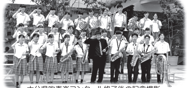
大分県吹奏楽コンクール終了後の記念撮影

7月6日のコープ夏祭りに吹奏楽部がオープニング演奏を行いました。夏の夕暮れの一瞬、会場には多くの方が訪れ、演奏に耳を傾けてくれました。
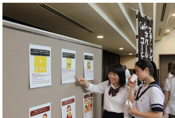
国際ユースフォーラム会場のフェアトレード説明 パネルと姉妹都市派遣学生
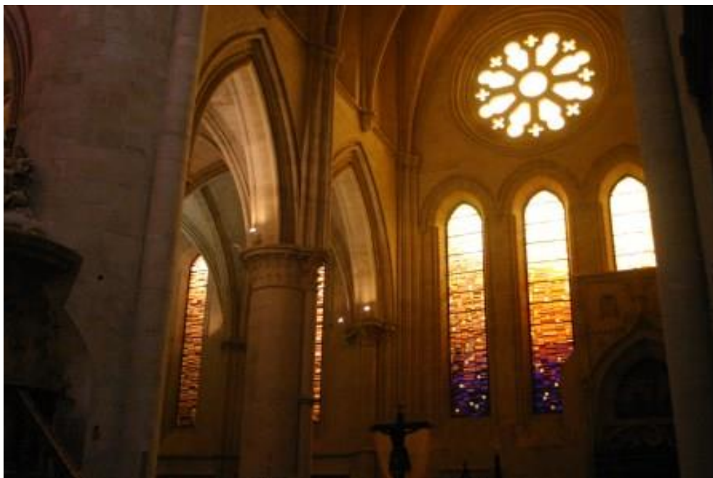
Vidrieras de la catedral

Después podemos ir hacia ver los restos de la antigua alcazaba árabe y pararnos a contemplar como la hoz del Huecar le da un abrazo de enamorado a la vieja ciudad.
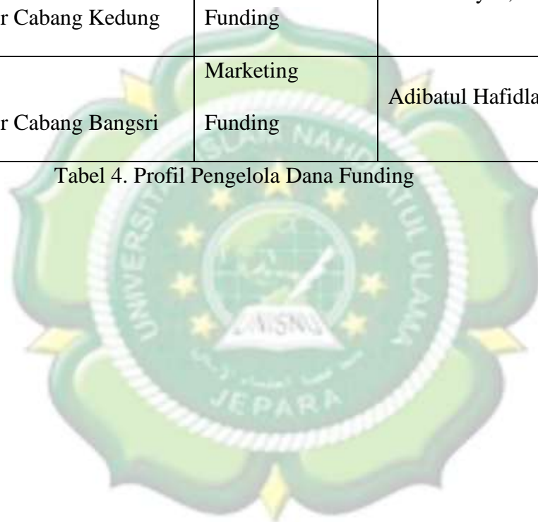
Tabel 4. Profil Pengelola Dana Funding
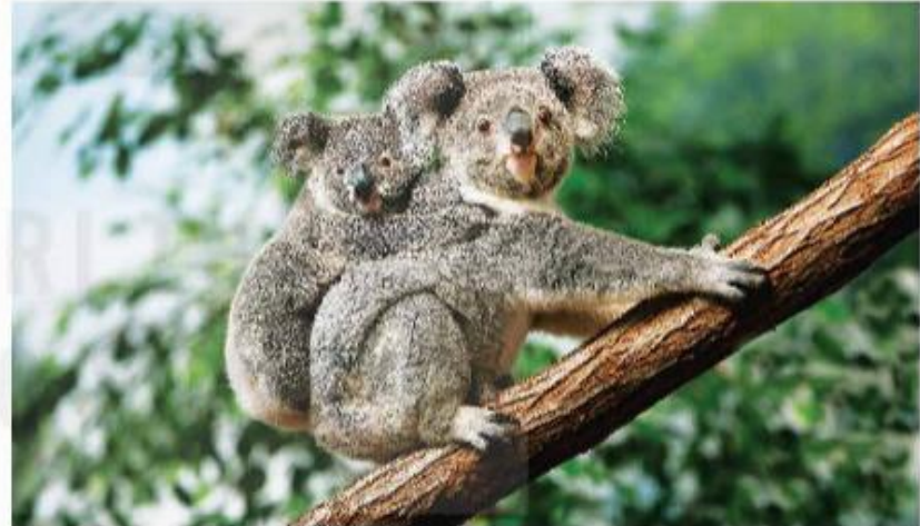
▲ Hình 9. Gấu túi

....

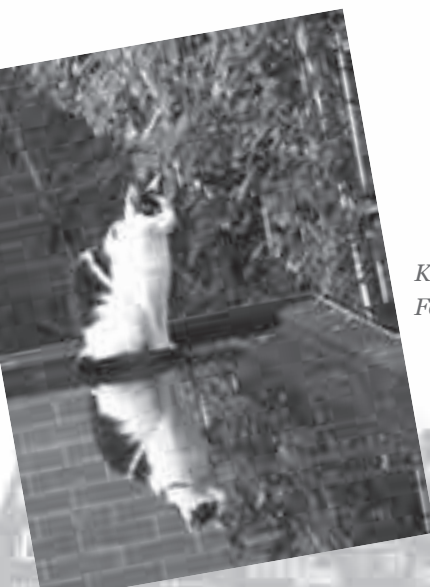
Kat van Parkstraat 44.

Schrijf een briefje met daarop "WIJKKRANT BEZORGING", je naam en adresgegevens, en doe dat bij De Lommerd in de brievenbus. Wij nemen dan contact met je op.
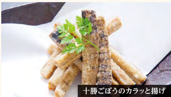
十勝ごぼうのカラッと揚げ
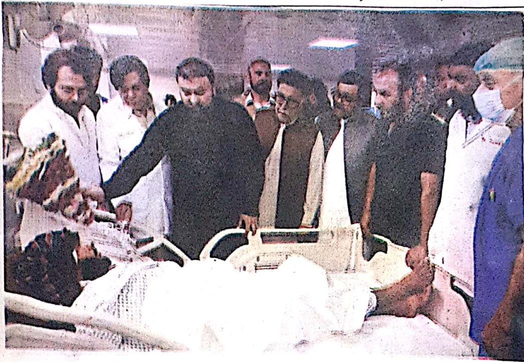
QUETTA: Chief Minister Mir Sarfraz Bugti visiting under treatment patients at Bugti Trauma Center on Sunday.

....

### YOUR GOAL
Reproduce, exactly and only, the lines of the records above starting at the line with "十勝ごぼうのカラッと揚げ" and ending at the line with "QUETTA: Chief Minister", both included. Leave every picture out.

### RESULT
十勝ごぼうのカラッと揚げ
QUETTA: Chief Minister Mir Sarfraz Bugti visiting under treatment patients at Bugti Trauma Center on Sunday.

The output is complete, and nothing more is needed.